### Task description
Omit all pictures. Quote only the lines from the one with "The Sunburst Collection" through the end of the material below.

-------- Supplied material

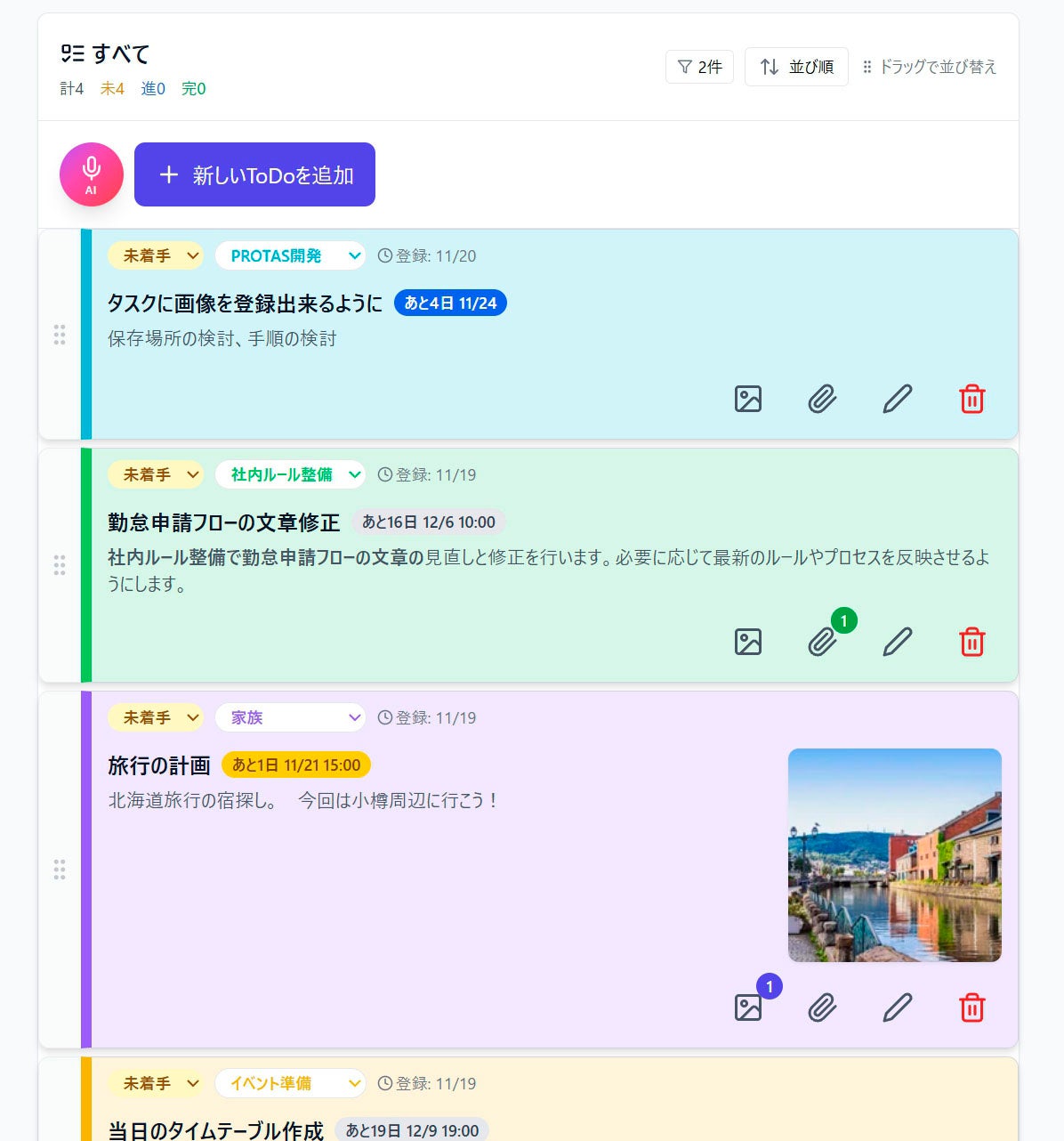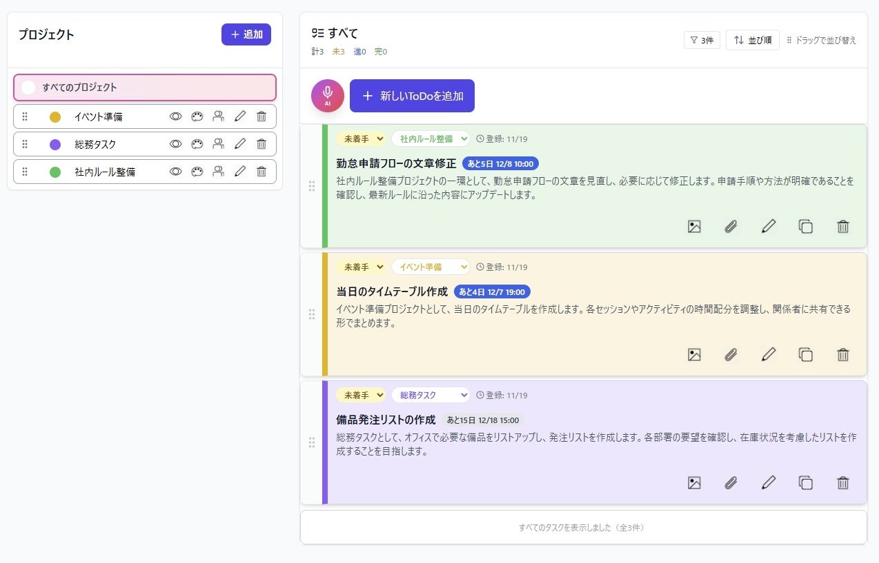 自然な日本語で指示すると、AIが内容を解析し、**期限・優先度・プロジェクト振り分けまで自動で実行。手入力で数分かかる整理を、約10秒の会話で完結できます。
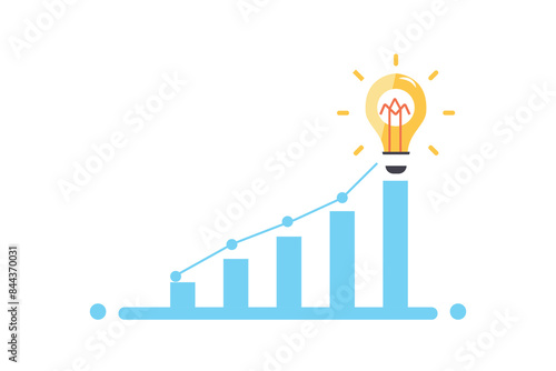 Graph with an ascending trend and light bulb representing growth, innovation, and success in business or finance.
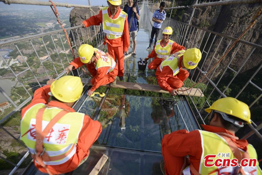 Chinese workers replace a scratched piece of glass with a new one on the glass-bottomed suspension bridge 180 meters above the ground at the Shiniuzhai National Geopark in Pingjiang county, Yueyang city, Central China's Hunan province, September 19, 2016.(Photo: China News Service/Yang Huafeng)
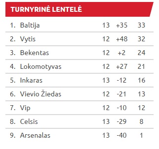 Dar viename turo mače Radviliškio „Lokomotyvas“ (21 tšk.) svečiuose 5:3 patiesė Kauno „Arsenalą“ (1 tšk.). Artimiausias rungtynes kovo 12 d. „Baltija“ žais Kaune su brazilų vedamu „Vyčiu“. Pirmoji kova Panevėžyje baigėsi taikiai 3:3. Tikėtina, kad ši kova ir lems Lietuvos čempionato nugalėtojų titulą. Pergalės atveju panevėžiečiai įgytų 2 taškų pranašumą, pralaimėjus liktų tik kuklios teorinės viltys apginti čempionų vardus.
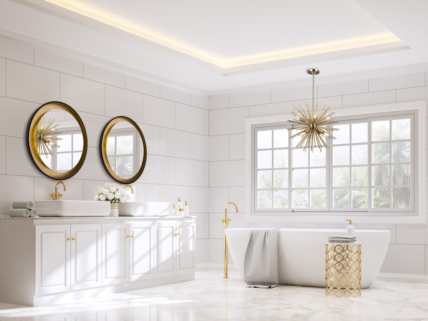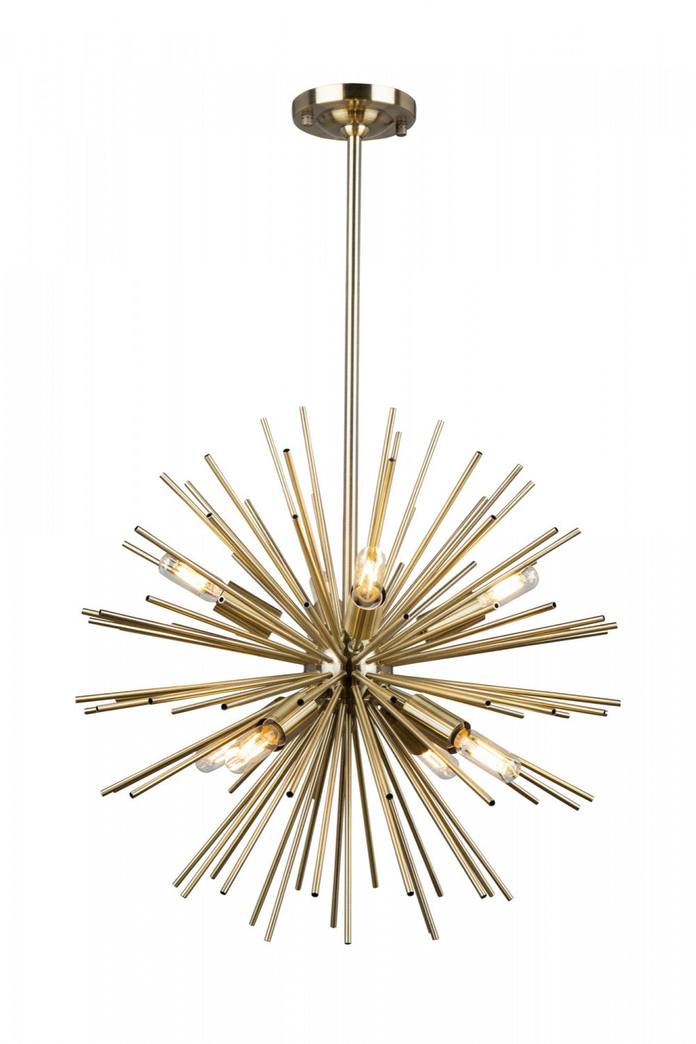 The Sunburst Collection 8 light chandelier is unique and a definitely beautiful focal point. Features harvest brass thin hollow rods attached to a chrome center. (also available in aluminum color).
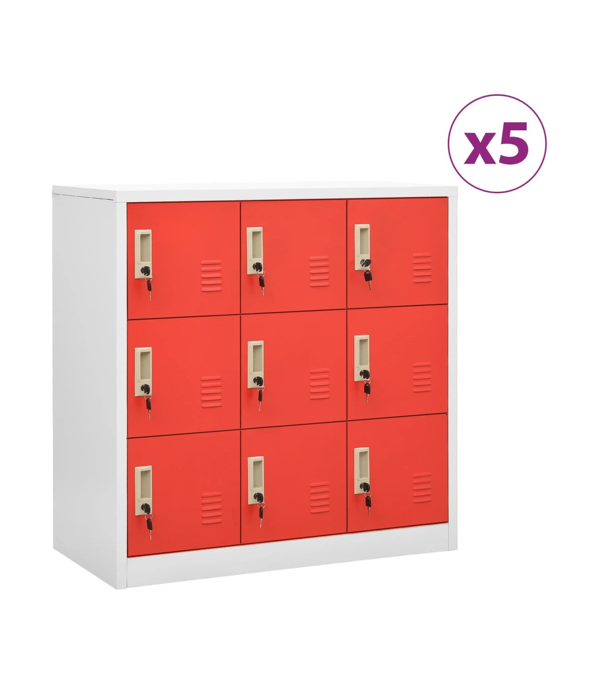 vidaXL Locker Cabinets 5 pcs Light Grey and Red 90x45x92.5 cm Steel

----------------

### Response
 The Sunburst Collection 8 light chandelier is unique and a definitely beautiful focal point. Features harvest brass thin hollow rods attached to a chrome center. (also available in aluminum color).
 vidaXL Locker Cabinets 5 pcs Light Grey and Red 90x45x92.5 cm Steel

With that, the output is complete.